Werkstätten sind eine wichtige soziale Errungenschaft für Menschen mit einem Handicap und für viele genau der richtige Arbeitsplatz, eine sichere berufliche Heimat. Für immer mehr werden Werkstätten künftig zum Kompetenzzentrum für berufliche Rehabilitation und Inklusion.
Herzliche Grüße
Jo Becker
Jo Becker: Herr S., wie sind Sie zu Spix gekommen?
Herr S.: Ich bin 1999 arbeitslos geworden, da war ich Mitte 40. Ich habe mich überall beworben, ohne Erfolg. Habe auch kostenlose Praktika angeboten, aber alles war umsonst. Ich war wohl schon zu alt. Darüber bin ich chronisch depressiv geworden und musste immer wieder für längere Zeit ins Krankenhaus. Dort habe ich von Spix erfahren.
Jo Becker: Was konnte Spix für Sie tun?
Herr S.: Zuerst bin ich ins Sozialpsychiatrische Zentrum gegangen, zu dem regelmäßigen Treff. Es war gut, eine Gemeinschaft von Menschen zu finden, die auch seelisch behindert sind. Dort habe ich auch Leute kennen gelernt, die eine Werkstatt besuchen. Am wichtigsten in der Zeit waren für mich die Gespräche mit Herrn van Staa und die Sportangebote von Barbara Reitz. Die bietet im SPZ ehrenamtlich Sportgruppen an. Ohne sie wäre meine Arbeitskraft nicht erhalten geblieben. 2006 habe ich dann in der Werkstatt angefangen.
Jo Becker: Wie ging es dann weiter?
Herr S.: Zuerst habe ich die verschiedenen Arbeitsbereiche kennen gelernt. Es war die erste Zeit nicht leicht, wieder jeden Tag vollschichtig zu arbeiten.
Jo Becker: Heute gehen Sie nicht mehr in der Werkstatt arbeiten. Wie kam das?
Herr S.: Nachdem ich mich stabilisiert hatte, wollte ich testen, ob ich es wieder auf dem ersten Arbeitsmarkt schaffe. Ich fand die Möglichkeit gut, mit der Sicherheit meines Werkstattvertrages Praktika zu machen. Aber die ersten Versuche klappten nicht. 2007 war ich bei dem Elektrogroßhandel Heiks für 6 Wochen, in der Kommissionierung. Ich habe die bestellten Waren nach den Kundenwünschen zusammengestellt. Es war aber nur eine Urlaubsvertretung, danach hatten die keine Arbeit mehr für mich. 2008 war ich dann für 4 Wochen beim Sanitärgroßhandel Pietsch im Lager. Dort gefiel es mir nicht, vor allem weil die auch zu wenig Arbeit für mich hatten.

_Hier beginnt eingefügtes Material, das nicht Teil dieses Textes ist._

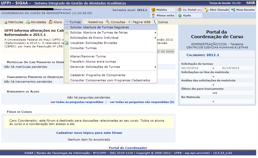 Em caso de qualquer dúvida, os servidores que trabalharem diretamente com a solicitação de turmas, entre os dias 22/10 e 27/10, podem acessar as vídeo-aulas de apoio na página do NTI (www.ufpi.br/nti), ou podem contatar a equipe de atendimento do NTI por meio do telefone (86)3215-1124.
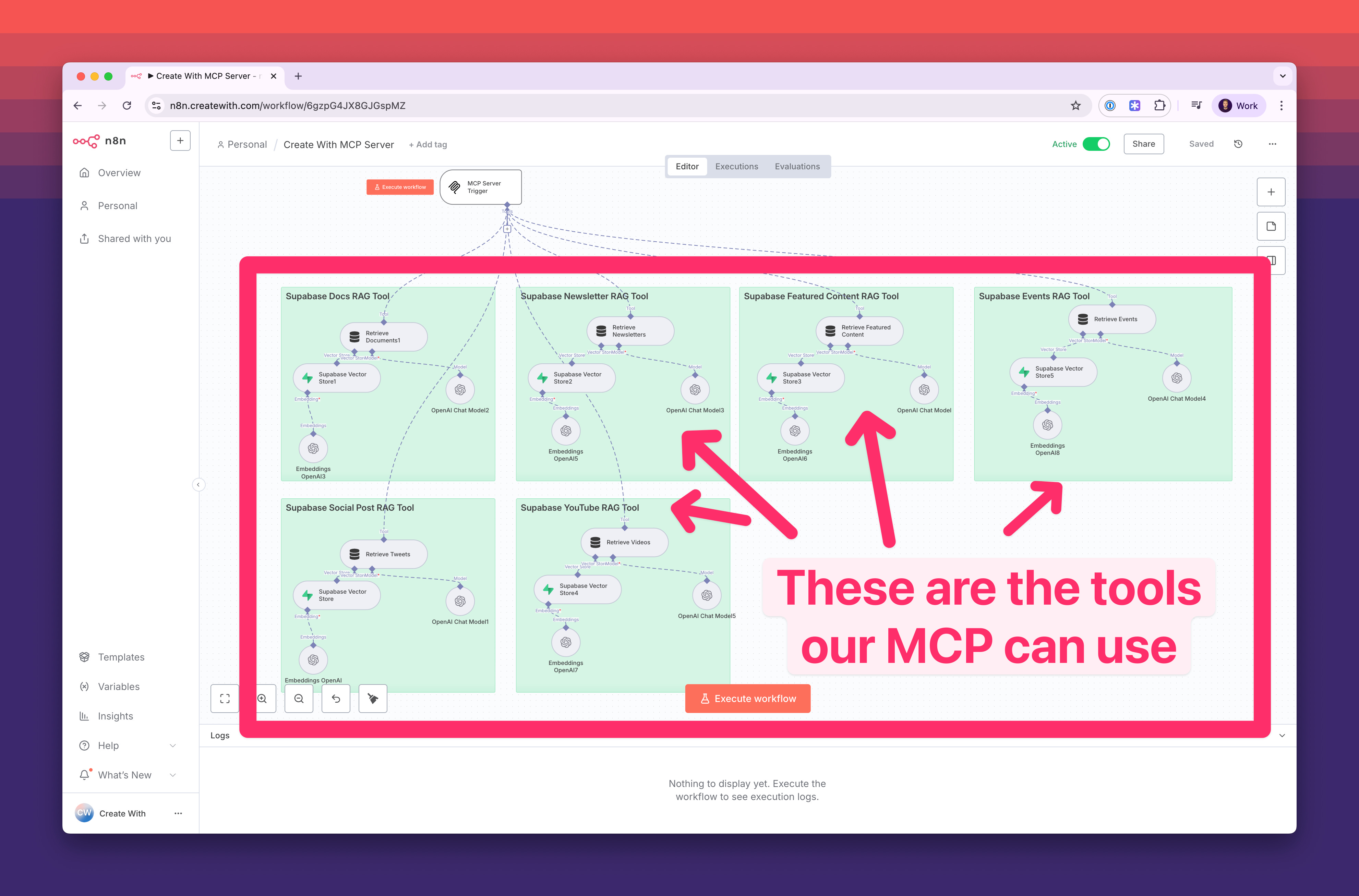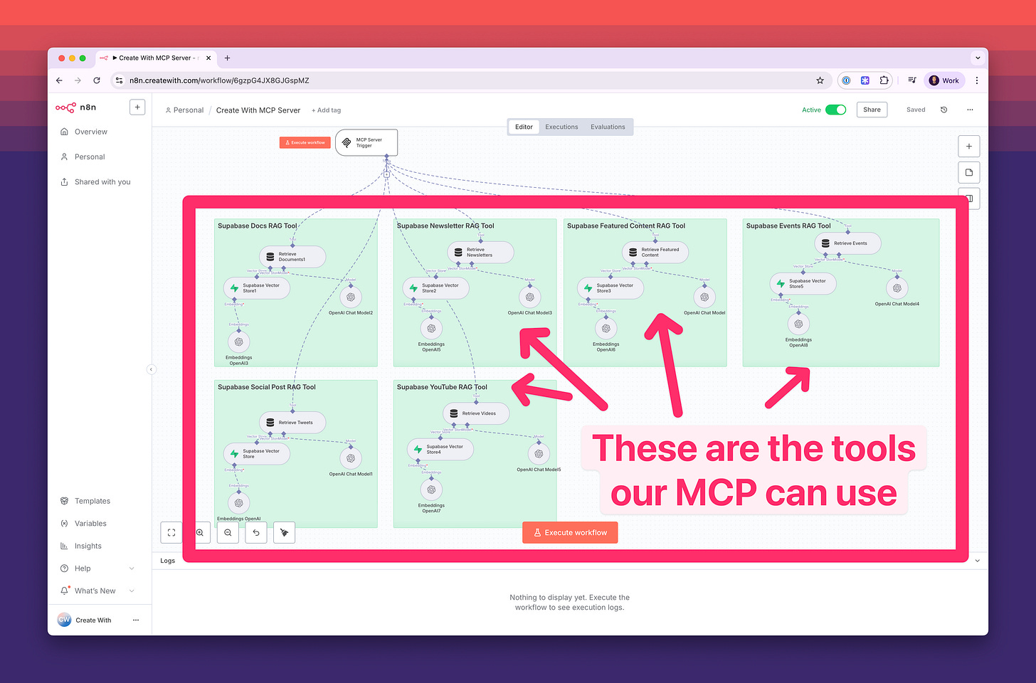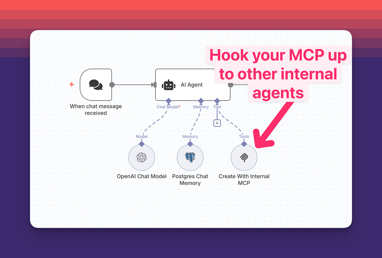 Keep your tools organized: Once you build an MCP server in n8n, you can reuse those same tools from any workflow or AI agent. It becomes part of your company's AI operating system. You only have to update it one place.
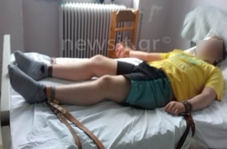 “Ο γιος μου νοσηλεύεται εδώ και ένα χρόνο στο Δρομοκαΐτειο, δεμένος χειροπόδαρα. Η ζωή του γιου μου εδώ, περνάει σχεδόν όλες τις ώρες της ημέρας μέσα στο θάλαμο. Όταν έρθω ή εγώ η ο πατέρας του και τον λύσουμε, θα τον πάμε μια βόλτα, ή αν έρθουν οι νοσηλευτές από τον κρατικό φορέα και τον κάνουν κι αυτοί μια βόλτα, μέχρι την αυλή του νοσοκομείου, μέχρι τα παγκάκια ή μέχρι το κυλικείο. Δεν υπάρχει άλλη ζωή γι’ αυτό το παιδί. Δηλαδή, ή θα είναι στο δωμάτιο δεμένος ή στο ένα άκρο ή στα δύο άκρα ή στα τρία άκρα ή και στα τέσσερα, ανάλογα με τη συμπεριφορά του, ή θα βγούμε μία βολτίτσα εδώ στο προαύλιο στο Δρομοκαΐτειο. Τις τελευταίες μέρες, λόγω ζέστης όλες οι ψυχιατρικές παθήσεις έχουν διέγερση, είναι διεγερτικός και μου λέει συνέχεια ότι θέλει να φύγει από εδώ” λέει, μιλώντας στο newsit.gr, η μητέρα του 20χρονου Βασίλη, Παναγιώτα Λιόλιου και οι φωνές του παιδιού της, που ακούγονται από την άλλη άκρη της τηλεφωνικής μας γραμμής επιβεβαιώνουν με τον πιο τραγικό τρόπο αυτά που μας λέει.
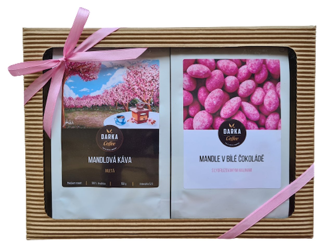 Dárková kazeta Mandlové pokušení: Originální dárková kazeta určená zejména ženám v sobě skrývá naprosto delikátní mandle v bílé čokoládě s lyofilizovanými malinami a exkluzivní čerstvě praženou kávu arabica Brazílie Santos. Tímto dárkem ohromíte chuťové smysly, neboť výborná káva s luxusními...
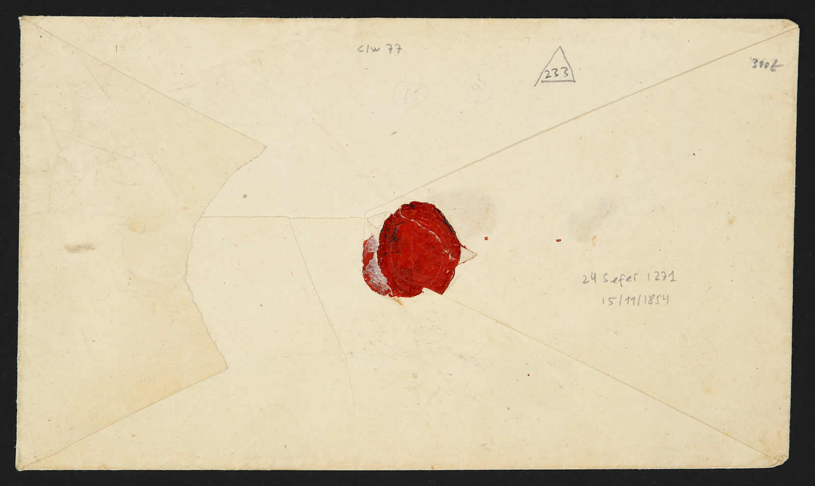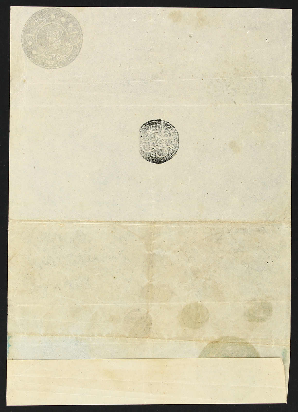 Arabic negative rectangle "Tahrirat-i Mühimme" (Official Correspondence) black seal alongside, weight 4 Dirhem / postal charge 3 piastre 15 paras in manuscript at upper left (Image) (imagea)

Jo Becker: Nun sind Sie seit über einem Jahr bei der Firma Schmidt. Wie ist es da?
Herr S.: Ich bin da im Sanitärbereich tätig und räume die angelieferte Ware ins Lager. Das ist der richtige Platz für mich. Man ist erkrankt, dass sag ich auch allen offen, aber die Kollegen sind in Ordnung da.
Jo Becker: Wie sind Sie mit der Weiterbetreuung durch die Werkstatt zufrieden?

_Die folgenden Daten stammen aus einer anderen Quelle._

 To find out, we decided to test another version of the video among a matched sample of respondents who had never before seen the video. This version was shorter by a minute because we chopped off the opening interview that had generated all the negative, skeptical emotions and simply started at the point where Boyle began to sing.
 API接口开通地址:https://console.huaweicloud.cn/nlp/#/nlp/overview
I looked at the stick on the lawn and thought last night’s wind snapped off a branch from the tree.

Herr S.: Anfangs kamen mehrere Leute von Spix regelmäßig vorbei, die haben bei mir reingeschaut und mit den Leuten der Firma gesprochen. Eine Zeit lang kamen die kaum noch, dass fand ich nicht gut, dass die Werkstatt sich nicht gekümmert hat. Jetzt kommt mein Gruppenleiter einmal im Monat für 1 Stunde und ich bin einmal im Monat für 1 Tag in der Werkstatt, um den Kontakt nicht zu verlieren. Das ist mir auch ganz wichtig.
Jo Becker: Haben Sie neue Kontakte gewonnen?
Herr S.: Ich verstehe mich mit den Kollegen sehr gut, aber außerhalb der Arbeitszeiten habe ich keine Kontakte, auch nicht zu meinen früheren Kollegen aus der Werkstatt.
Jo Becker: Wenn Sie Ihre jetzige Arbeitssituation mit der Zeit in der Werkstatt vergleichen: was ist anders?
Herr S.: Ich bin abends hundekaputt. Irgendwann werde ich auch wieder in die Werkstatt zurückkehren. Nach dem Abendessen lege ich mich ein bisschen aufs Sofa, danach kann ich nichts mehr unternehmen.
Jo Becker: Ist die Belastung dann nicht insgesamt zu anstrengend?
Herr S.: Im Moment bin ich sehr zufrieden: ich habe eine vernünftige Aufgabe, nette Arbeitskollegen und es tut gut manchmal gelobt zu werden.
In der Werkstatt waren die Arbeiten nicht so anfordernd, öfter langweilig, jetzt werde ich mehr gefordert. Ich brauch es mich ganz einbringen und auspowern zu können. Aber ich brauche auch die Sicherheit zurückkehren zu können, wenn ich das mal nicht mehr schaffen sollte.
Jo Becker: Was sagen Sie anderen, die überlegen ob sie auf einen betriebsintegrierten Arbeitsplatz gehen sollen?
Herr S.: Es ist anstrengend, aber es lohnt sich wirklich!